Ok, but then why even call it interpretation → it resembels compilation right
That’s because the second translator never goes away. There’s no standalone executable file for your script. The python3 process is alive throughout, holding your variables, walking the bytecode, executing the C code for each instruction. The instant python3 exits, nothing of your program survives. Compare that to a C binary: you compile once, the compiler exits, and the binary you produced runs on its own forever after, no compiler in sight.
That’s interpretation in the software world. Not “read one line of source, do it”, but “read one bytecode instruction, run the C that implements it, repeat.”
If errors are caught at runtime, how does my IDE catch my mistakes beforehand
So, When you write a python program in IDE and make a mistake, pycharm makes those squiglly little red lines. How does that happen if python is an interpreted language.
Before we look into that, let revisit once again the error showing scenario
In a compiled language, if you misspell a variable name, the compiler refuses to produce a binary. You can’t even run the broken program. In an interpreted language, the misspelled variable is only a problem when execution actually reaches that line, which might be in some rare branch you didn’t test. People have shipped Python code with typos that didn’t crash for months because that branch never ran in production.
The key move is realizing that “checking” and “running” are different things — even for interpreted languages. Look back at those five stages: read, tokenize, parse, compile to bytecode, execute. Only the last one is running your program. Stages 1–4 just inspect the code; they don’t do anything to the outside world.
Quick proof you can try yourself. Make a file broken.py:
print("starting")
x = (
$ python3 broken.py
File "broken.py", line 2
x = (
^
SyntaxError: '(' was never closed
Notice that “starting” never printed. If execution had even begun, you’d have seen it. Python parsed the whole file first, hit the broken parenthesis on line 2, and refused to start executing. So the interpreter itself can find a class of errors without running your code, the parser doesn’t need to run anything to know the grammar is broken.
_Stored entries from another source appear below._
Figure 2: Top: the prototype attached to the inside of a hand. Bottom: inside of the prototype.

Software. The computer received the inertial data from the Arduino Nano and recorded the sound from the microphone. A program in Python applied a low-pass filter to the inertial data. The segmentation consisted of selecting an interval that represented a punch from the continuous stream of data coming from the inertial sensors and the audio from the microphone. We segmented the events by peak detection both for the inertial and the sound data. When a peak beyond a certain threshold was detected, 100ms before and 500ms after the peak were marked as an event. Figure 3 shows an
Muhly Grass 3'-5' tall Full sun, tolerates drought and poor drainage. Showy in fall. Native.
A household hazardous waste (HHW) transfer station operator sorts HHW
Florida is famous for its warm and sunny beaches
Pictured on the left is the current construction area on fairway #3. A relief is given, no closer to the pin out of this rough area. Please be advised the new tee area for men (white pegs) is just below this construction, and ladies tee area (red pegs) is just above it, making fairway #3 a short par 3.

IDEs just takes this idea further. It ships with its own parser (and a much heavier analyzer on top) and runs it continuously as you type. It’s not executing your program, it’s parsing your file and walking the resulting tree to look for trouble: undefined variables, calling a function with the wrong number of arguments, importing something that doesn’t exist, types that don’t line up. The technical name is static analysis, static because the code is sitting still on disk, not moving (running).
The mental model
Don’t think of “compiled” and “interpreted” as two boxes you put a language into. Think of it as a spectrum based on when translation happens.
- All the way ahead of time → traditional compilation (C, Rust)
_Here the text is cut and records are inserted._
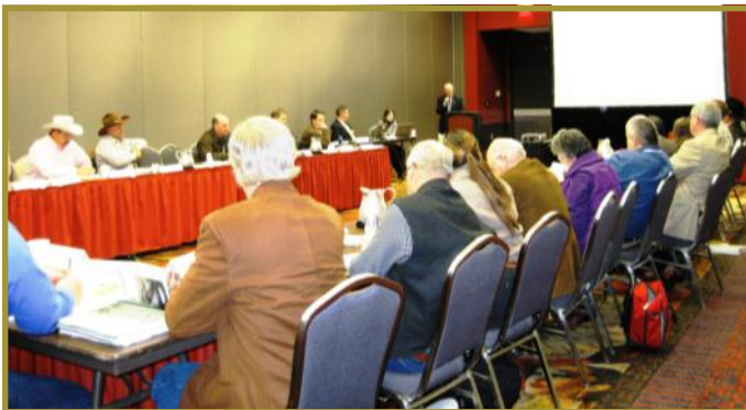
Joint Producer Education Committee
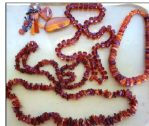
Balkin Amber Jewelry
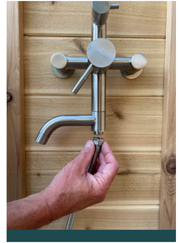
8. Twist the hand wand on to the hose and the hose to the base of the valve assembly.
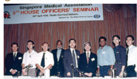
SMA 5th House Officers' Seminar
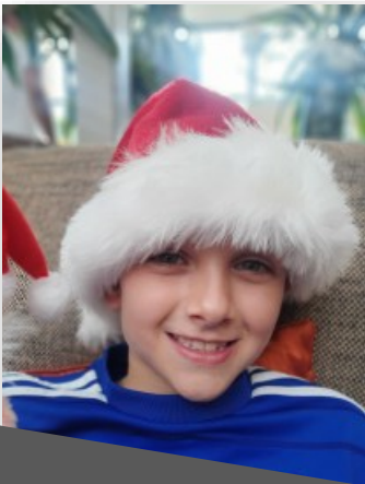
Someone is ready for Christmas!
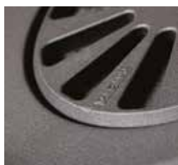
Cast iron disc grate in base for easy ash removal
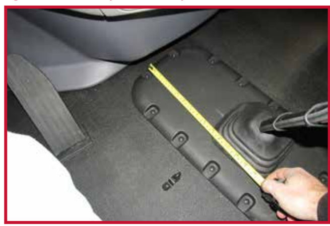
Figure 7 - Hook and Spacer Assembly

b) Locate the retention hook provided in the floor mat kit. Insert the screw through the hole in retention hook and replace the screw in transmission cover. Tighten the screw using a #3 Phillips screwdriver. Orient the hook so the tip points toward the passenger side. Figure 8 below shows the proper hook orientation.
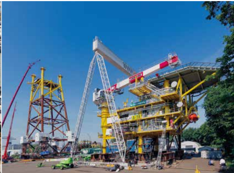
EPCI gas platform
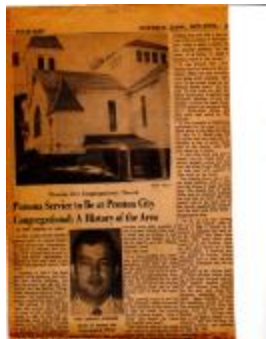
Pomona Service to Be at Preston City Congregational; A History of the Area (Coll. 003 Fold. 063 Doc. 022)
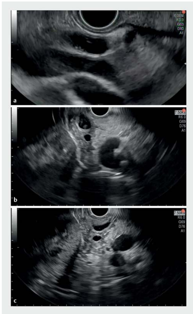
► Fig. 1 Images of evaluated EUS videos. Microlithiasis, sludge or artifact?

Secondary endpoints were the interobserver agreement on the need for ERC+ES (yes/no) and differences in interobserver agreement between experts and non-experts.
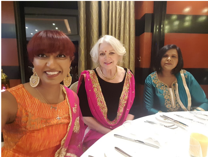
Diwali Celebrations 2018
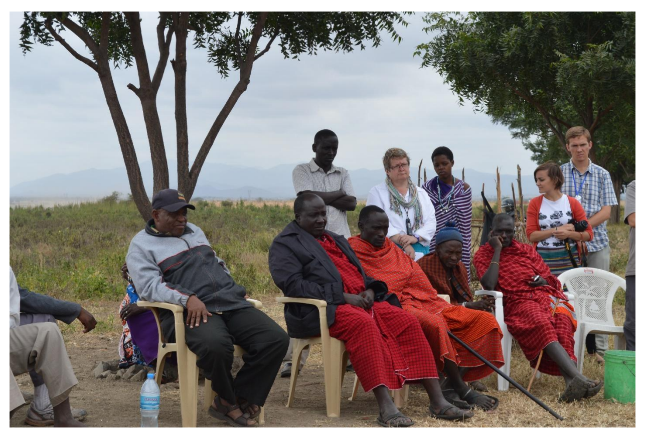
Community Meeting in Orkolili

The team worked with a local school in the village of Ormolili to gain a better understanding of the education system in the entire community.

- Compile to bytecode ahead of time, finish translation at runtime → Java, C#, modern Python
- Translate during execution, but cache hot paths as machine code (JIT) → JavaScript engines, PyPy
- Translate every line every time it runs → pure interpretation, mostly historical (Logo, Basic etc.)
When someone tells you “language X is compiled” or “language Y is interpreted,” they’re giving you a rough label. The real question, when you actually care about performance, debugging, or deployment, is always: where does translation happen, and what does the user have to ship? That’s the question this whole distinction is trying to answer.